> Problem:
Restate exactly the lines of the entries below, beginning with the first and ending with the line that holds "Bosch Sanabelle Sensitive". Pictures are not copied.

Items from a dataset
--

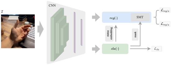The main challenge in hand pose estimation with partial annotation is integrating the partial annotation information into a regression problem. To address this issue, we separate the estimation problem into two tasks and propose a dual-branch structure. The proposed PA-Tran framework is shown in Figure 2, which consists of the CNN feature extractor, the classification branch and the regression branch . Compared with conventional ViT [39], using CNN as the feature extractor could effectively utilize the local receptive fields of CNN and global receptive fields of Transformer, especially for image-based tasks. The approach has been proven to be quite effective and can also be applied with pre-trained networks such as ResNet [40]. Besides, it can alleviate the demand for large-scale training datasets of Transformer to some extent. The classification branch is deployed to estimate the status of the keypoints, and the regression branch is used to estimate the positions of the keypoints. The two branches work dependently.
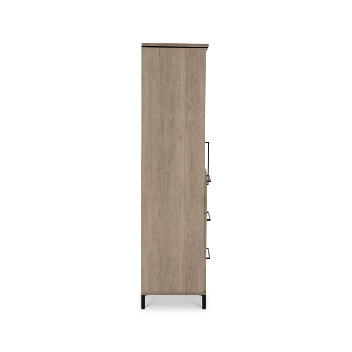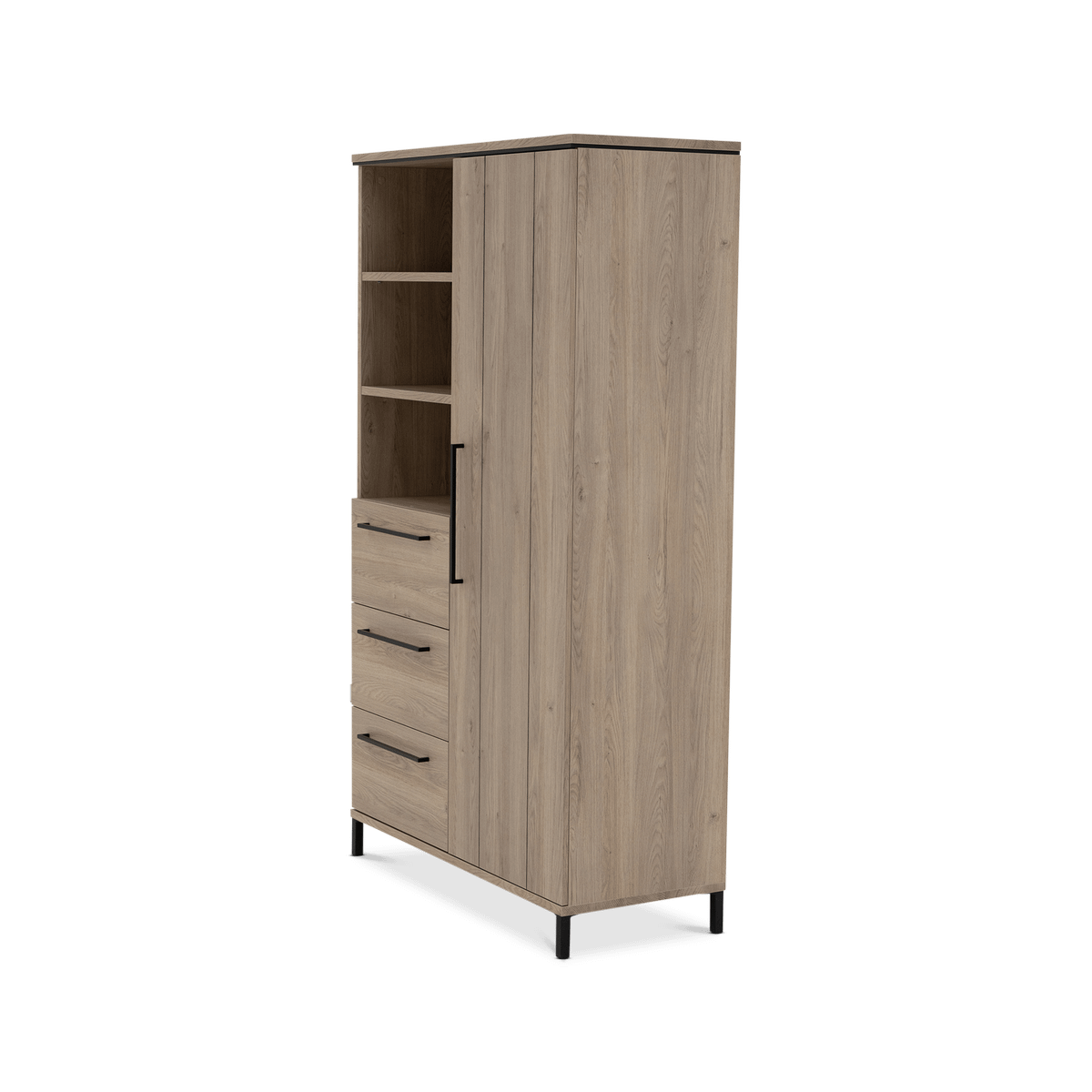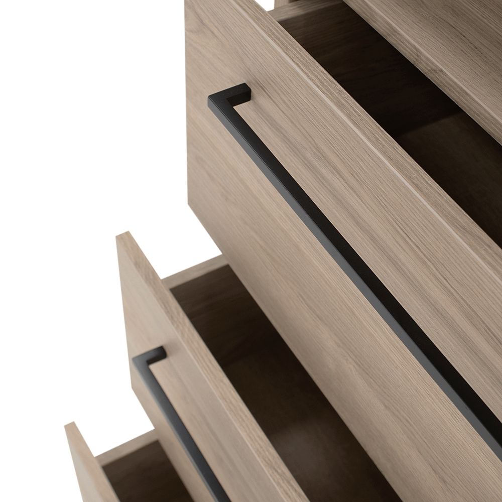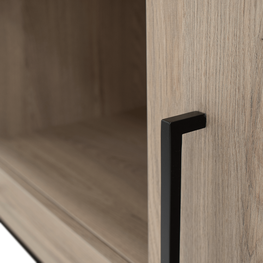 De warme houtlook en strakke belijning geven Wandkast MARCEAU een tijdloze uitstraling die moeiteloos aansluit bij zowel moderne als meer natuurlijke interieurs. De slanke, zwarte handgrepen zorgen voor een subtiel contrast en versterken het eigentijdse karakter.
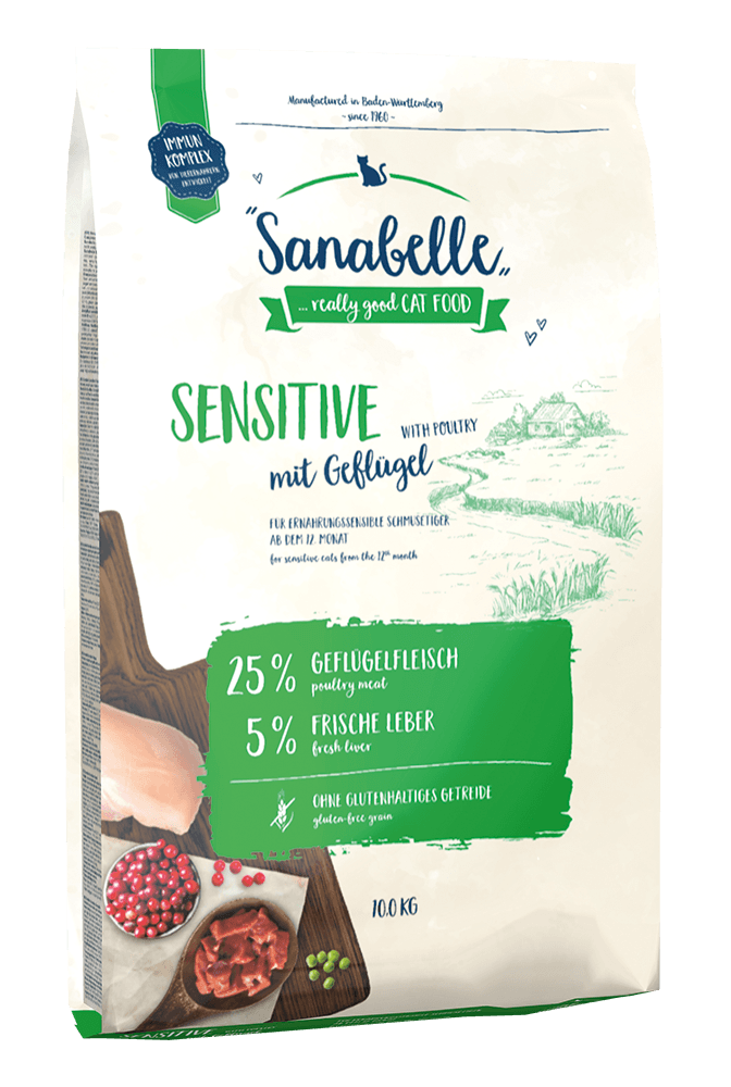 Bosch Sanabelle Sensitive with Poultry — это сухой корм для взрослых кошек супер премиум класса с чувствительным пищеварением. Корм придает блеск шерсти и сохранят эластичность кожи, поддерживает
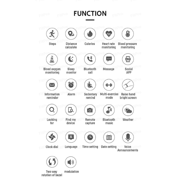 - Function:chronograph, Lighting, Calendar, Alarm Clock, Week, MONTH, WORLD TIME, Remote Control, Countdown, Noctilucent, Sleep Tracker, Speed Measurement, Fitness Tracker, Call Reminder, Answer Call, Push Message, Message Reminder, Dial Call, Heart Rate Tracker, Interactive Music, 24 hour instruction, Blood oxygen monitor, NFC.
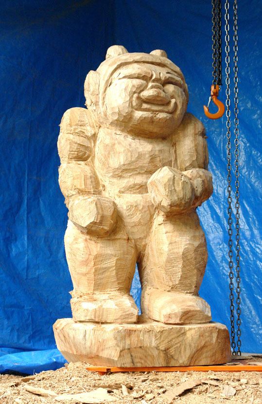 このサイズの彫刻になると 立てる 寝せる 裏返す等の作業に大変な労力がいる。自力では無理なので 1t用のチェンブロックで上げ下げして向きを変える。危険な作業なので細心の注意を払う。向き換えと 彫る作業時間がほぼ同じくらいである。チェンソー 一本の作業は終了し これからノミの作業に入る。
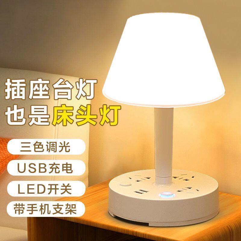 【推荐】多功能LED台灯卧室创意氛围床头灯柔光护眼电源USB插座
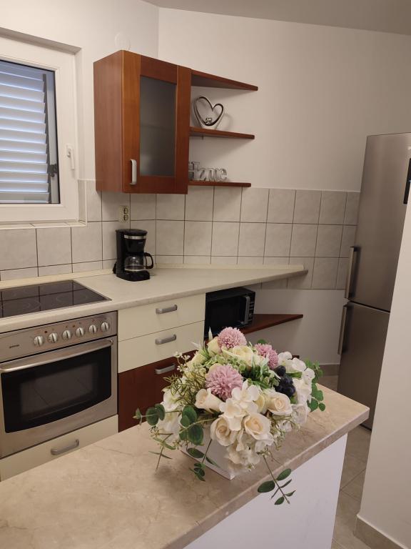 Kompletno i suvremeno opremljen apartman u Makarskoj,na prvom katu stambene zgrade,100 metara od mora i pet minuta hoda kroz borovu šumu do poznate plaže Biloševac...
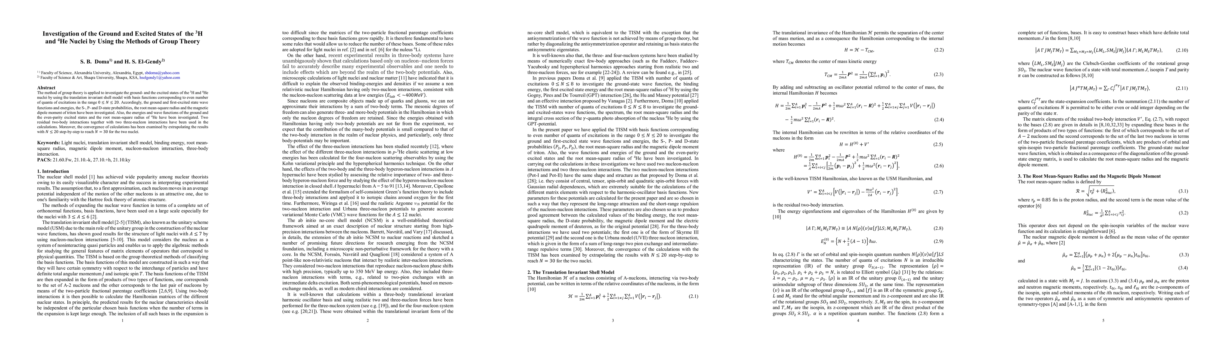 The method of group theory is applied to investigate the ground and the excited states of the triton and helium nuclei by using the translation invariant shell model with basis functions corresponding to even number of quanta of excitations in the range 0 less than or equal to N less than or equal to 20. Accordingly, the ground and first excited state wave functions and energies, the S, P and D state probabilities, the root mean square radius and the magnetic dipole moment of triton have been investigated. Also, the energies and wave functions of the ground and the even parity excited states and the root mean square radius of helium have been investigated. Two residual two body interactions together with two three nucleon interactions have been used in the calculations. Moreover, the convergence of calculations has been examined by extrapolating the results with N less than or equals to 20 step by step to reach N equals to 30 for the two nuclei.
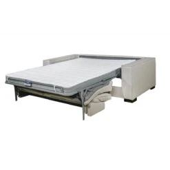 Points forts Dunlopillo CanapĂ© 3 places convertible express en tissu beige – Couchage 140 cm – Matelas DUNLOPILLO 14 cm – DOLORES
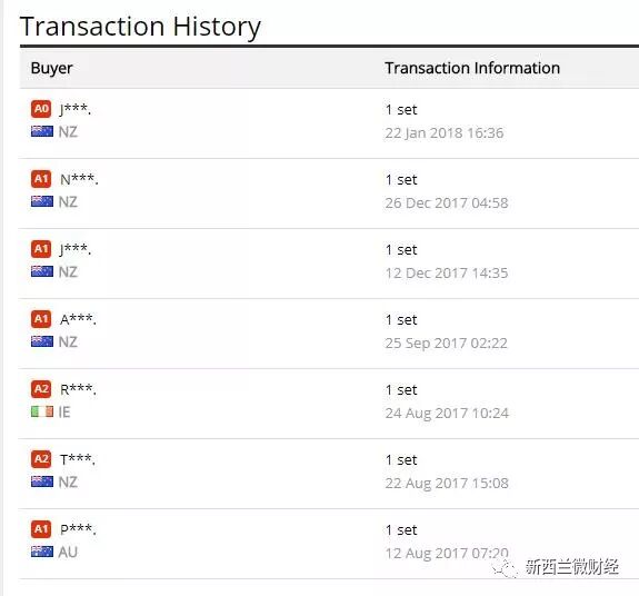 交易记录显示,除了新西兰买家购买之外,美国、爱尔兰、澳大利亚也有买家购买。
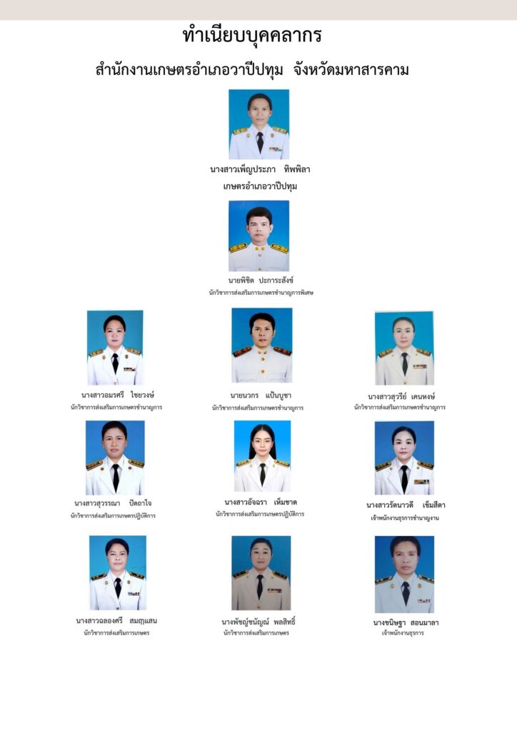 บุคลากร สำนักงานเกษตรอำเภอวาปีปทุม จังหวัดมหาสารคาม Call To ActionClick here to change this text. Lorem ipsum dolor sit amet, consectetur adipiscing elit. Ut elit tellus, luctus nec ullamcorper mattis, pulvinar dapibus leo.Read More

--

> Problem solution:
The main challenge in hand pose estimation with partial annotation is integrating the partial annotation information into a regression problem. To address this issue, we separate the estimation problem into two tasks and propose a dual-branch structure. The proposed PA-Tran framework is shown in Figure 2, which consists of the CNN feature extractor, the classification branch and the regression branch . Compared with conventional ViT [39], using CNN as the feature extractor could effectively utilize the local receptive fields of CNN and global receptive fields of Transformer, especially for image-based tasks. The approach has been proven to be quite effective and can also be applied with pre-trained networks such as ResNet [40]. Besides, it can alleviate the demand for large-scale training datasets of Transformer to some extent. The classification branch is deployed to estimate the status of the keypoints, and the regression branch is used to estimate the positions of the keypoints. The two branches work dependently.
 De warme houtlook en strakke belijning geven Wandkast MARCEAU een tijdloze uitstraling die moeiteloos aansluit bij zowel moderne als meer natuurlijke interieurs. De slanke, zwarte handgrepen zorgen voor een subtiel contrast en versterken het eigentijdse karakter.
 Bosch Sanabelle Sensitive with Poultry — это сухой корм для взрослых кошек супер премиум класса с чувствительным пищеварением. Корм придает блеск шерсти и сохранят эластичность кожи, поддерживает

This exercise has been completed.